(Saved data entries)
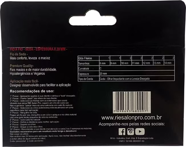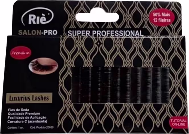 O Kit RIÈ salon-pro Fio a Fio Luxurius Lashes Fios de Seda possui um total de 12 fileiras de comprimento que variam de 8 a 15mm e largura de 20mm. Fios macios e de maior durabilidade, hipoalergênicos e veganos.
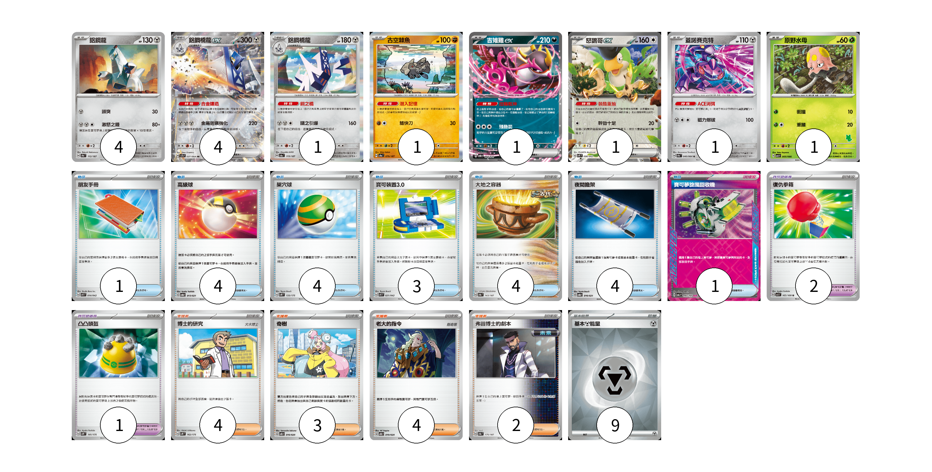 牌組構築方案 以此牌組為基礎新構築牌組 顯示卡面 顯示列表 寶可夢卡(14) 4 4 1 1 1 1 1 1 寶可夢道具(3) 2 1 物品卡(21) 1 4 4 3 4 4 1 支援者卡(13) 4 3 4 2 能量卡(9) 9 寶可夢卡(14) 卡牌名稱 張數 卡牌名稱 張數 鋁鋼龍 SV8a 112/187 04 鋁鋼橋龍ex SV7a 037/064 04 鋁鋼橋龍 SV8a 113/187 01 古空棘魚 SV8a 079/187 01 吉雉雞ex SVOD 004/020 01 怒鸚哥ex SVK 006/042 01 蓋諾賽克特 SV6a 040/064 01 原野水母 SVI 005/066 01 寶可夢道具(3) 卡牌名稱 張數 卡牌名稱 張數 復仇拳箱 SV3 102/108 02 凸凸頭盔 SVM 141/175 01 物品卡(21) 卡牌名稱 張數 卡牌名稱 張數 朋友手冊 SVK 014/042 01 高級球 SVOM 013/021 04 巢穴球 SVM 133/175 04 寶可裝置3.0 SVK 021/042 03 大地之容器 SV8a 143/187 04 夜間擔架 SVOM 016/021 04 寶可夢旋風回收機 SV6 093/101 01 支援者卡(13) 卡牌名稱 張數 卡牌名稱 張數 博士的研究 SVM 162/175 04 奇樹 SVOD 016/020 03 老大的指令 SVOD 019/020 04 弗圖博士的劇本 SV8a 175/187 02 能量卡(9) 卡牌名稱 張數 卡牌名稱 張數 基本【鋼】能量 SVOD MET 09 以此牌組為基礎新構築牌組 牌組編碼 dyPZRA-BpyAUW-SbXrPJ copy 列印牌組單 牌組編碼已複製 分享至SNS
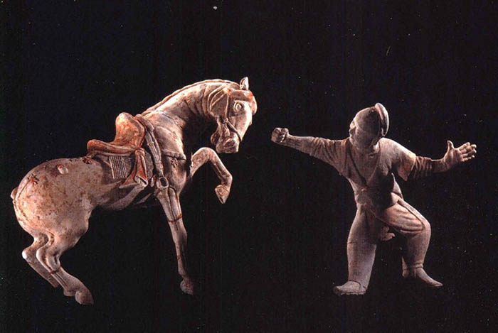 Người Tây Vực huấn luyện ngựa (đất nung đời Đường)
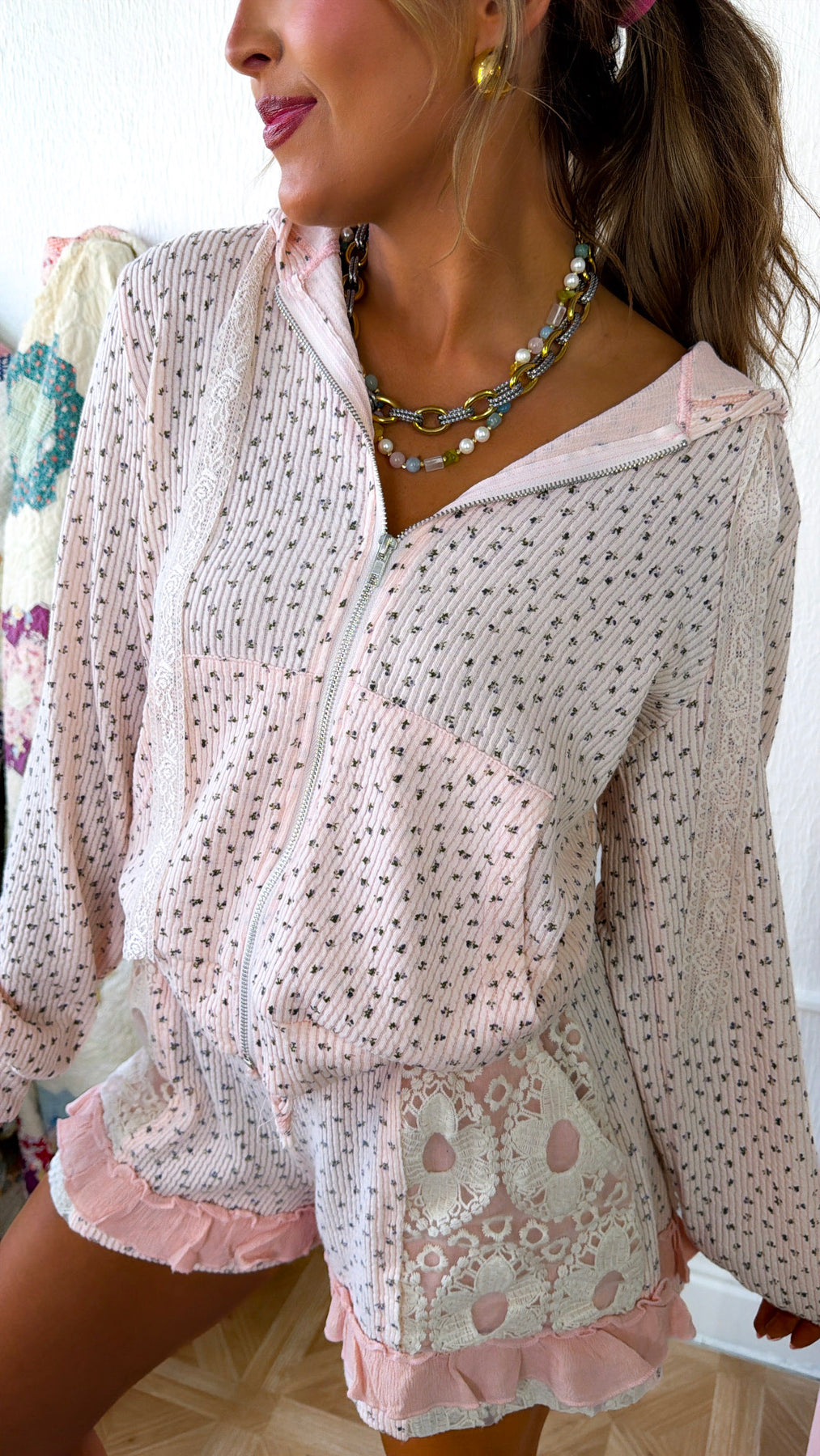 Soft, feminine, and effortlessly cozy. The Bayrose Floral Zip Up Jacket is the sweetest layering piece your wardrobe has been waiting for. With its delicate blush tone, dainty floral print, and romantic lace patchwork details, this zip-up brings charm to even your most casual days.
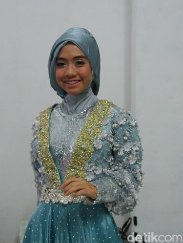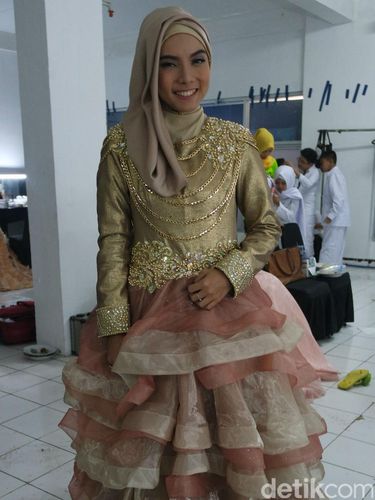 "Bagus banget gaunnya mewah dan agak berat dipakainya. Aku pakai warna gold dan ada rantai-rantainya. Kata teman-teman gaunnya 'aku banget'," cerita wanita yang pandai menari itu.
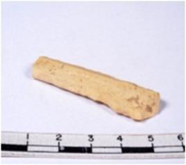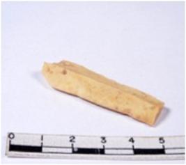 | Description / विवरण | A fragment of a rectangular shaped chert blade showing dorsal sides with sharp cutting edges having smooth surface and triangular section. |
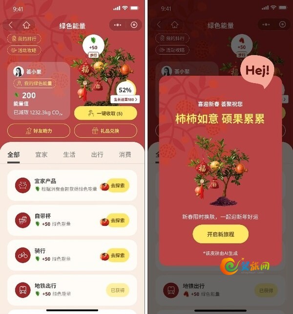 除了新春时节丰富多彩的非遗民俗线下体验,英格卡购物中心还为近600万荟聚会员匠心提供了一系列多元的礼品选择和专属活动,巧妙融合线上线下,带来别具一格、趣味盎然的聚会场景。在1月16日至2月16日期间,无锡、北京、武汉、长沙和西安5地荟聚会员小程序中的绿色能量板块焕新了”柿柿如意”的新春限定皮肤,以更便捷的绿色消费体验和低碳生活方式助力消费者打卡可持续相关活动,轻松收集绿色能量,让更多人在和家人朋友团圆欢聚的同时,不忘继续为共享的地球家园带来满满的绿色能量。
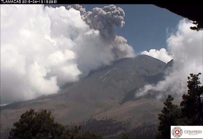Exhalación del #Popocatépetl a las 15:28 Hrs. Columna de #Ceniza con una altura de 1.5km en dirección este-noroeste.pic.twitter.com/ZBwiF0pT2u
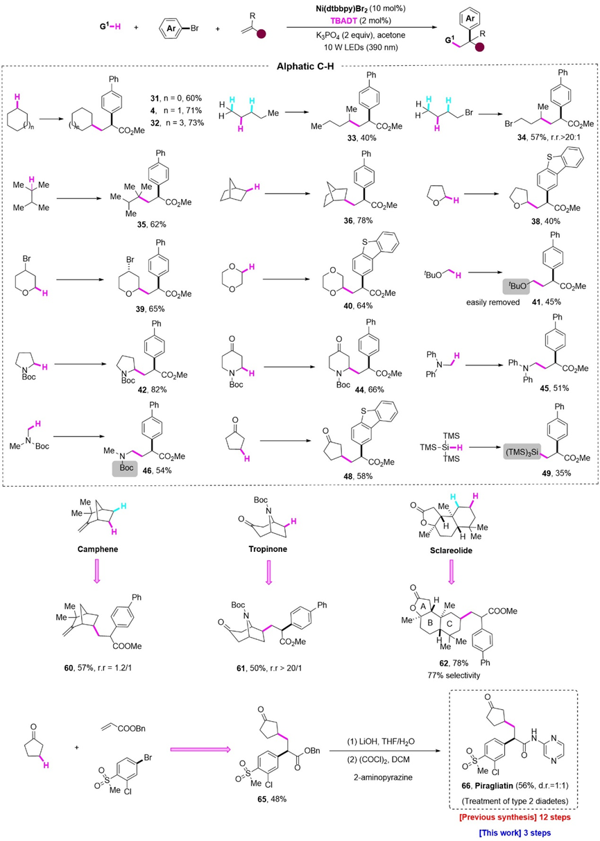 在最优条件下,作者对烷烃部分进行了底物范围的考察。对于普通的环状、链状以及带有桥环的烷烃,都能有着中等至良好的收率,其中1-溴丁烷以高选择性地得到三组分产物(r.r.>20:1),此外,具有缺电子基团的环戊酮能够单一地得到β位官能团化的产物。杂原子α位的C-H键同样适用该体系,值得一提的是,Boc保护的二甲胺以及叔丁基保护的甲醇首次实现该类型的三组分反应,其三组分产物可以进一步实现五元环的内酰胺以及内酯的合成。为了展现该方法学在合成上的应用价值,作者随后实现了一系列复杂天然产物的后期功能化修饰,能以良好的选择性得到三组分产物。最后,从商业可得的原料出发,该方法学仅需三步就能实现了2型糖尿病药物分子Piragliatin的合成。
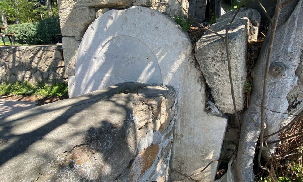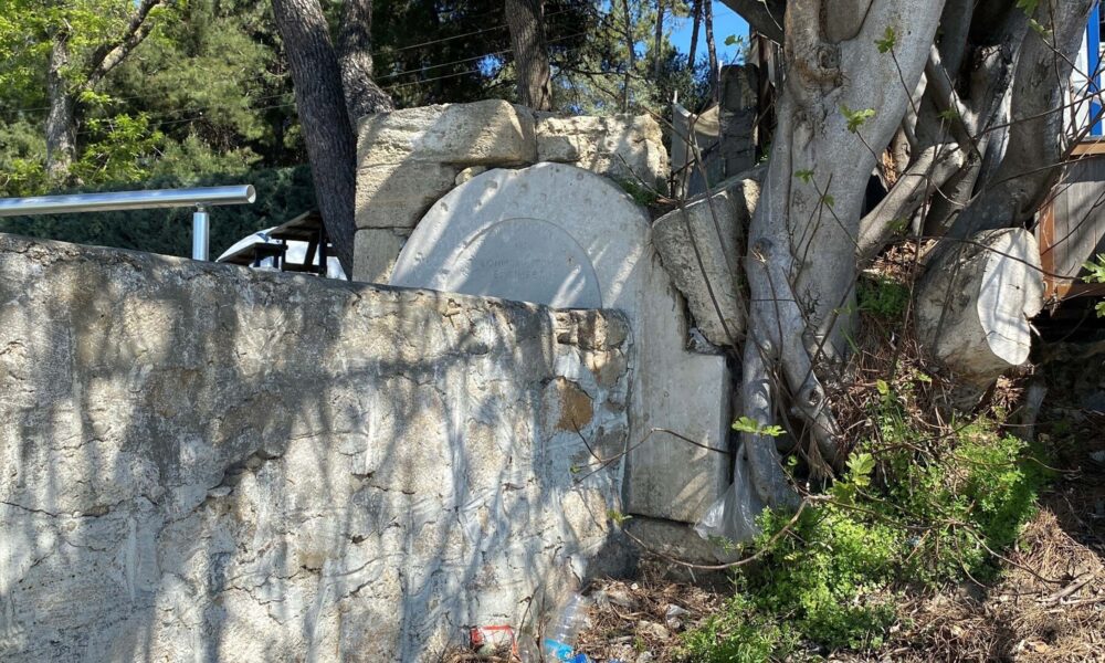 Tarihi çeşme taşı, duvarın içinde kalmış

Task to complete:
Starting at the first line of the data, set down each line exactly until you have copied the line with "牌組構築方案 以此牌組為基礎新構築牌組 顯示卡面", but leave the pictures out.

Answer box:
 O Kit RIÈ salon-pro Fio a Fio Luxurius Lashes Fios de Seda possui um total de 12 fileiras de comprimento que variam de 8 a 15mm e largura de 20mm. Fios macios e de maior durabilidade, hipoalergênicos e veganos.
 牌組構築方案 以此牌組為基礎新構築牌組 顯示卡面 顯示列表 寶可夢卡(14) 4 4 1 1 1 1 1 1 寶可夢道具(3) 2 1 物品卡(21) 1 4 4 3 4 4 1 支援者卡(13) 4 3 4 2 能量卡(9) 9 寶可夢卡(14) 卡牌名稱 張數 卡牌名稱 張數 鋁鋼龍 SV8a 112/187 04 鋁鋼橋龍ex SV7a 037/064 04 鋁鋼橋龍 SV8a 113/187 01 古空棘魚 SV8a 079/187 01 吉雉雞ex SVOD 004/020 01 怒鸚哥ex SVK 006/042 01 蓋諾賽克特 SV6a 040/064 01 原野水母 SVI 005/066 01 寶可夢道具(3) 卡牌名稱 張數 卡牌名稱 張數 復仇拳箱 SV3 102/108 02 凸凸頭盔 SVM 141/175 01 物品卡(21) 卡牌名稱 張數 卡牌名稱 張數 朋友手冊 SVK 014/042 01 高級球 SVOM 013/021 04 巢穴球 SVM 133/175 04 寶可裝置3.0 SVK 021/042 03 大地之容器 SV8a 143/187 04 夜間擔架 SVOM 016/021 04 寶可夢旋風回收機 SV6 093/101 01 支援者卡(13) 卡牌名稱 張數 卡牌名稱 張數 博士的研究 SVM 162/175 04 奇樹 SVOD 016/020 03 老大的指令 SVOD 019/020 04 弗圖博士的劇本 SV8a 175/187 02 能量卡(9) 卡牌名稱 張數 卡牌名稱 張數 基本【鋼】能量 SVOD MET 09 以此牌組為基礎新構築牌組 牌組編碼 dyPZRA-BpyAUW-SbXrPJ copy 列印牌組單 牌組編碼已複製 分享至SNS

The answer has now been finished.